Avec ses collègues Amaïa Courty, Viviane Le Hay et Gilles Pinson, Vincent Tiberj
travaille sur l’axe 4 du projet POPSU "Bordeaux, la métropole en partage ?",
intitulé « La métropole et le populaire ». Avec leurs travaux, l’équipe de recherche entend prendre au mot la
thématique générale du programme POPSU Métropoles, « la métropole et les autres », en
s’intéressant autant, sinon davantage, à l’altérité sociale qu’à l’altérité
territoriale.
Les objectifs de l'étude
Ce matin-là, le politiste présentait les résultats préliminaires de l'une des sept opérations de recherche prévues dans le cadre du projet. Il s'agit de sonder à travers une enquête quantitative la manière dont les catégories populaires vivent, pratiquent et se représentent la métropole et les processus de métropolisation. Ce travail prend sa source dans les interrogations soulevées dans le débat public, notamment depuis les résultats des élections présidentielle de 2017 et municipales de 2021. Serait-on en train de voir émerger un clivage entre les habitants des grandes villes et ceux occupant les espaces périurbains, représentés par le mouvement des Gilets jaunes ?

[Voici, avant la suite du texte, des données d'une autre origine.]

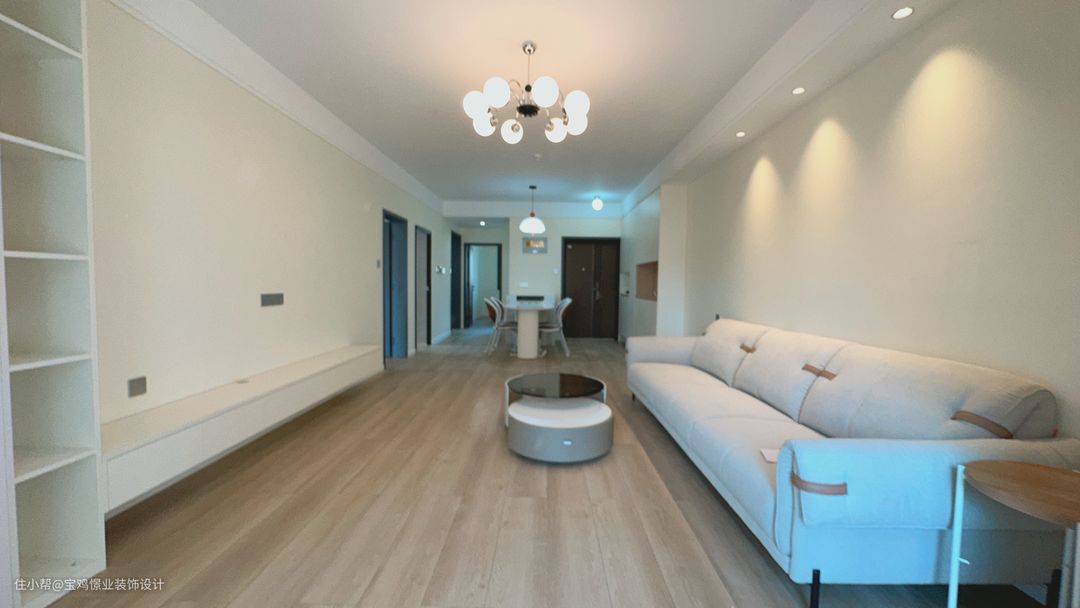 客厅非常通透,大面积米白色墙面搭配同色系护墙板,顶面采用单眼皮吊顶设计,电视背景墙摒弃复杂的造型设计,简单的电视柜组合搭配乳胶漆墙面,地面通铺木地板,让整个空间变得更加的温馨。
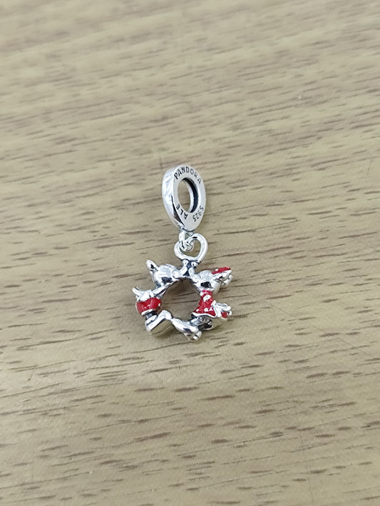 TMPCH042 Dije Charm Pand Circulo Mickey y Minnie Kissing en Plata Fina .925

Il s’agit également de dépasser un angle mort de la sociologie électorale par sondage, souvent sujette au biais dit de la "fallace atomistique", qui considère qu’un ouvrier, peu importe qu’il habite le Nord ou le Sud de la France, a un comportement électoral équivalent. C’est oublier qu’un individu s’inscrit dans des territoires aux identitées ancrées. A l'inverse, la cartographie tend de son côté à omettre la complexité socio-économique de l’individu. L’objectif principal est donc de mieux comprendre les systèmes de valeurs au niveau d’individus spatialement situés, en tentant de réconcilier l’approche sociologique et spatiale.
Constitution des échantillons aléatoire
Au lendemain des élections municipales de juin 2021, un questionnaire réalisé par l’équipe
de chercheurs a été administré par téléphone par la société Kantar auprès d’un
échantillon constitué de façon aléatoire dans 4 zones géographiques comme ceci :
- 500 habitants de Bordeaux intramuros ;
- 500 habitants de Bordeaux Métropole ;
- 500 habitants de la Gironde hors Bordeaux Métropole ;
- 500 habitants des départements limitrophes de la Gironde.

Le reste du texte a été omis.